I am sitting in a hotel bed in San Francisco. Laying next to me is my boyfriend of nearly three years, and I’m sure he is not happy about the fact that I am blogging with the lights on at nearly one in the morning, especially when we have to be up at eight tomorrow morning to eat our crappy free muffins, courtesy of the hotel lobby.

This is, in part, a story about how I got here, but the more pressing matter at hand is where I am going. However, you can’t have one without the other, so here it goes.

When I started high school, I had absolutely no interest in college at all. I was thirteen years old, had a large group of friends, was the singer in a locally popular, albeit atrocious, grunge band. I had just replaced my nerdy glasses with contacts, discovered eye-liner, and had a funky haircut with an attitude to match. College was possibly the furthest thing from my mind.

During the course of my sophomore year, I decided that I wanted to go to Swarthmore College. This was probably due in part to attending my father’s fifteen year reunion, and absolutely falling in love with Swat. (I had been there for the five year reunion, but had attributed the beautiful, mirage reminiscent memories to the fact that I was a small child.) But when I went to my guidance counselor to discuss my dreams, she told me that there was little to no chance that I would get into Swarthmore. I tore into my junior year, determined to prove her wrong. The rest is a long story.

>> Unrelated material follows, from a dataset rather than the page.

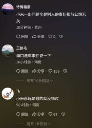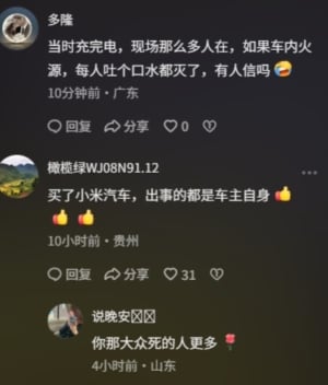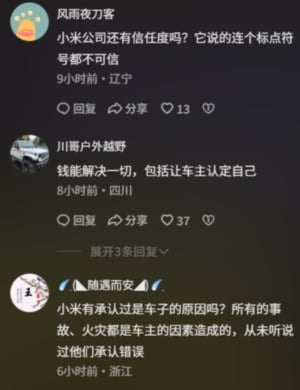 不少網民隨即在網上發帖吐槽,「小米一出問題全是別人的責任都與公司無關。」「小米永遠是對的,就沒錯過。」「小米有承認過是車子的原因嗎?所有的事故、火災都是車主的因素造成的,從未聽說過他們承認錯誤。」「當時充完電,現場那麼多人在,如果車內火源,每人吐個口水都滅了,有人信嗎?」「買了小米汽車,出事的都是車主自身。」
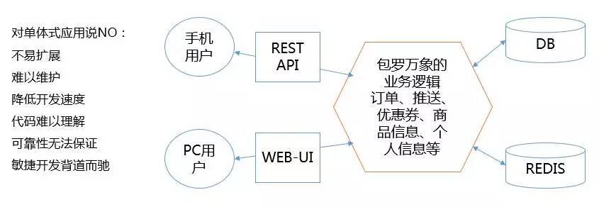 上图是一个典型的一站式架构,未经过良好的设计的系统随着时间的推移逐渐会转换成上图这样,一方面是产品业务的压力,另一方面也是先天的设计不足。一站式架构存在很多问题。

The short version is, she was right.

Rejected from college. I had applied to Swarthmore, Reed, and Barnard College. In other words, Swat, west coast Swat, and all-girl Swat. I had no safety school, I had no backup plan. Instead, I had three rejection letters and a wide, gaping space of time where I had assumed I would be a freshman college.

But ever the contentious daughter of a Swattie, I decided that I would not let it hold me back. High school had been terrible and traumatic for a myriad of reasons, and I would not let college be the same experience. I was seventeen with a mission. After a few months of tumultous fighting with my parents, I convinced my parents to let me pack my bags and move across the country for community college. I found my roommates on Craigslist, bought my books online, and moved in to a two bedroom, two cat apartment in Portland, OR with two suitcases and a sleeping bag.

The time raced by at a speed that terrified and excited me, and before I knew it, freshman year was over, and I had received multiple acceptances to good schools. In fact, I had heard from all of the schools I had applied to.

Except Swarthmore.

Then the day came. May 15th. I thought the decision would be mailed to my apartment in Oregon, but being anxious, I checked my parents’ mailbox in Maryland. (I was home visiting at the time.) I went out to the mailbox, and there it was. Exactly the same envelope I had received the year prior. My heart sank, and it was at that moment that I realized that my Swat dream hadn’t disappeared, hadn’t even been dampened by the prospect of going to school in DC. I ripped open the envelope, and read with dismay,

“Congratulations! We are pleased…” That was all I read before I went into shock. I ran screaming into the house to tell my mother and boyfriend that the impossible had happened. I was going to Swarthmore.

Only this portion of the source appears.